DeBryRareBooks
"Fort Caroline" - Present Day Jacksonville, Florida - 1591
"Fort Caroline" - Present Day Jacksonville, Florida - 1591
"Fort Caroline" Near present day Jacksonville, Florida
-Theodore De Bry (1528-1598)
-Plate 9.5 x 13 inches (23 x 33cm)
-Image 8.5 x 6 inches (22 x 15cm)
-1591 (This image is from the German 1st Edition of 1591)
-Very good condition. The page has been professionally restored and cleaned.
-Verso blank
This is plate 10 from the series, describing discoveries on the Florida and South Carolina coast. The plate depicts Fort Caroline, which is the earliest French settlement in the modern day USA. This plate gives an account of the early expeditions of the French to Florida under Jean Ribaut (1562), Rene de Laudoniere (1564) and Dominique de Gourgues (1567).

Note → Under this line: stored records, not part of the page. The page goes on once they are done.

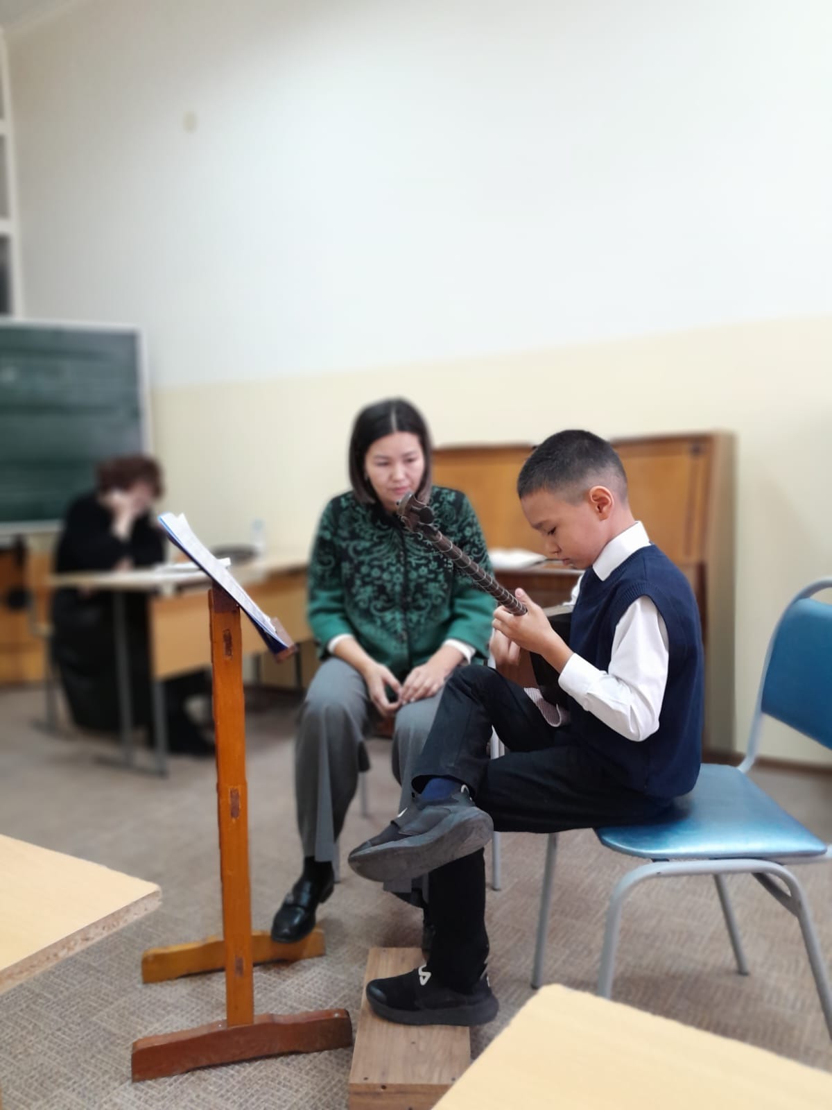 Педагог показала работу с учеником 2 класса Айтмухамбет Динмухамедом. Были продемонстрированы различные формы и методы изучения данной темы. Педагог использует упражнения, направленные на формирование аппликатурных навыков в процессе работы над динамикой, сопровождает объяснение личным показом на инструменте. Доброжелательная атмосфера, доходчивое объяснение помогают ученику достичь поставленных перед ним целей и задач. По окончании урока коллеги отметили положительные моменты, дали свои рекомендации и пожелали дальнейших успехов учителю и ученику.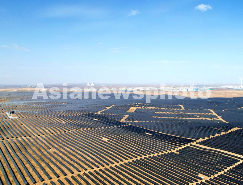 图片说明:2025年3月14日,位于宁夏灵武市宁东镇的宁东200万千瓦复合光伏基地,一块块光伏太阳能发电板与蓝天、白云相映成景,源源不断地输送着绿色能源。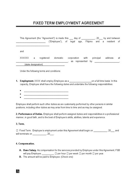 • Fixed Term: The employment duration is predetermined, clearly stating the start and end dates. This eliminates ambiguity and sets clear expectations.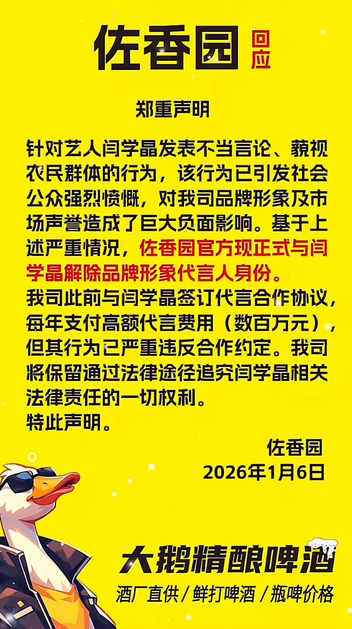 来了来了,最终佐香园还是没顶住压力!把闫某晶解约了。 你别说佐香园还挺会总结,说某老师藐视农民群体,哎呦,城市里也有一年赚不到三四十万的群体啊,不光农民群体啦!她这一杆子呼噜倒了一大片啊!数百万元,听听,数百万元一年啊!可见这个东西多么赚钱!这都不珍惜,狂成啥样了! 广大网友操碎了心,这下可以继续吃佐香园大酱了,那些扔垃圾桶的,回去翻翻,没准儿还能找到,就继续吃吧!没有了就赶快买几袋,支持一下站在老百姓这边的土品牌。佐香园 笑不活了,处理的挺快!谢谢大酱哦!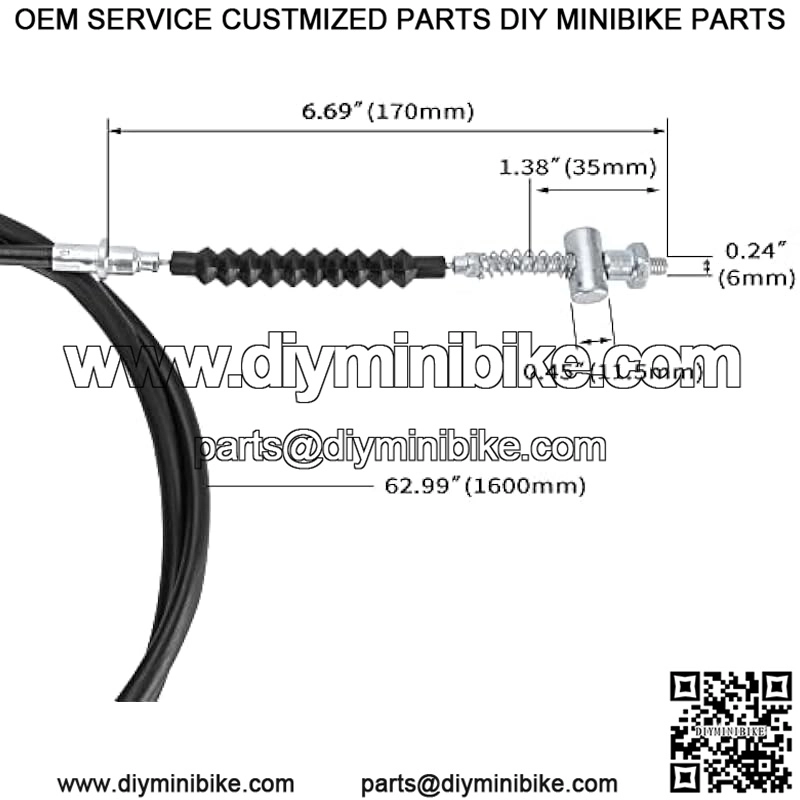 63 inch Rear Drum Brake Cable Line with Belts For 196cc 6.5 Hp Baja Heat Warrior Hensim Massimo MB165 MB200 Coleman Trail CT200U CT200U-EX BT200X Yerf-Dog Mini Bike Motorsports ATV Scooter Dirt Bike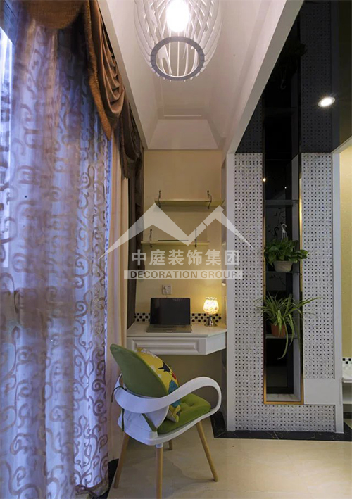 將陽臺用玻璃和木材封閉成居家小書房,窗外的綠葉仿佛伸手可及,好像馬上就會進入居室,自然與居室就這樣在陽臺這個小小空間相交融。為了節(jié)約空間,可將書桌、書架和文件柜都設(shè)計得很小巧別致,既提供了完善的實用功能,又不多占空間。
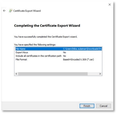 - Click Finish to complete the Certificate Export Wizard.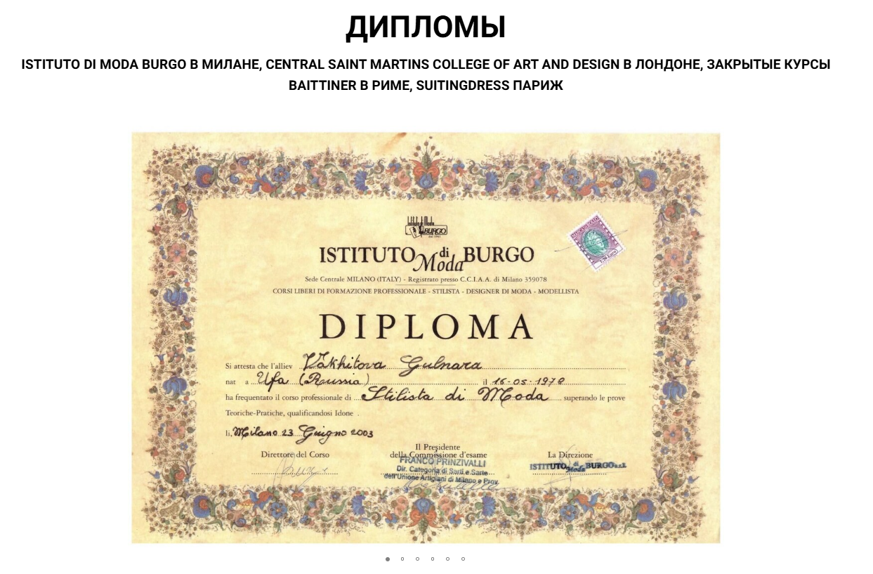 На официальном сайте модельера Edu fashionacademy one указывается, что она училась в Лондоне и Милане. Теперь Гульнара ведет свои задания по западным методикам в РФ. Ранее автор работала по другой специальности, но хотела стать модельером и накопила деньги для поездки на учебу в Милан. Потом продолжила свое обучение в Лондоне и теперь сама уже преподает. У нее есть документы об окончании различных мастер-классов. Ее детская коллекция одежды оказалась достаточно успешной.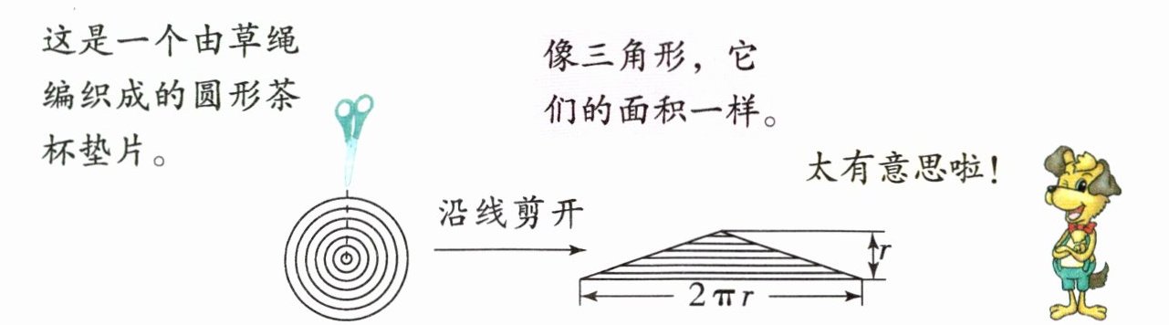 观察图形可知,将圆形剪开拼成类似三角形的形状,此时三角形的底是由圆的周长展开得到的,所以底相当于圆的周长。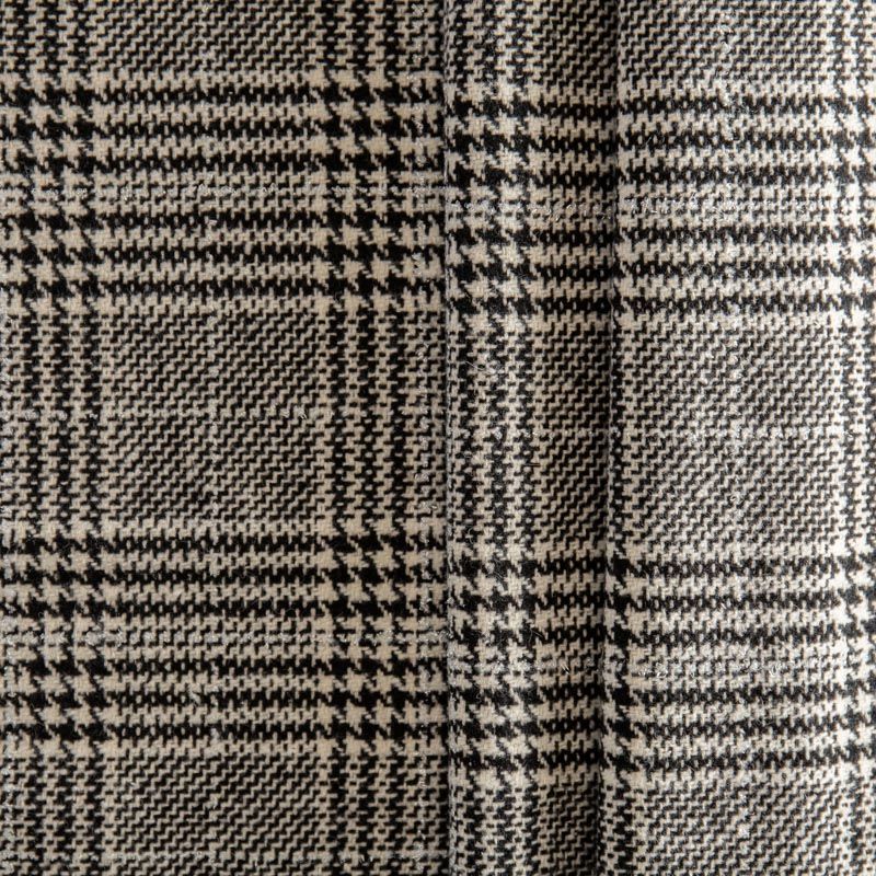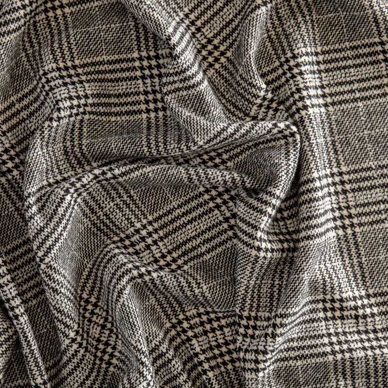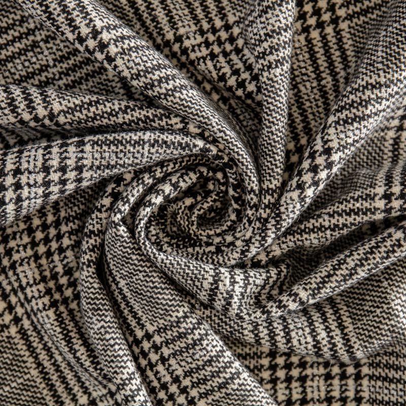 Плотная пальтовая ткань с добавлением шерсти, мягкая и приятная на ощупь, формоустойчива, хорошо драпируется. Переплетение нитей черного и белого цветов в узоре "гусиная лапка" и люрексной нити образует сложную красивую клетку тартан. Ткань отлично подойдет для пошива пальто, теплых костюмов, юбки, шорт, жакета, кейпа, жилета.

The account of the Laudonniere expedition was written by Jacques le Moyne (de Morgues), an artist who accompanied the expedition. He escaped massacre by the Spaniards at Fort Caroline and went to England, with the drawings he had made, where he died. After his death his manuscripts and drawings were sold by his widow to De Bry who published them in this volume. It is one of the earliest descriptions of Florida and the first to be clearly illustrated and to describe the local peoples, including the Timucuan Indian tribe.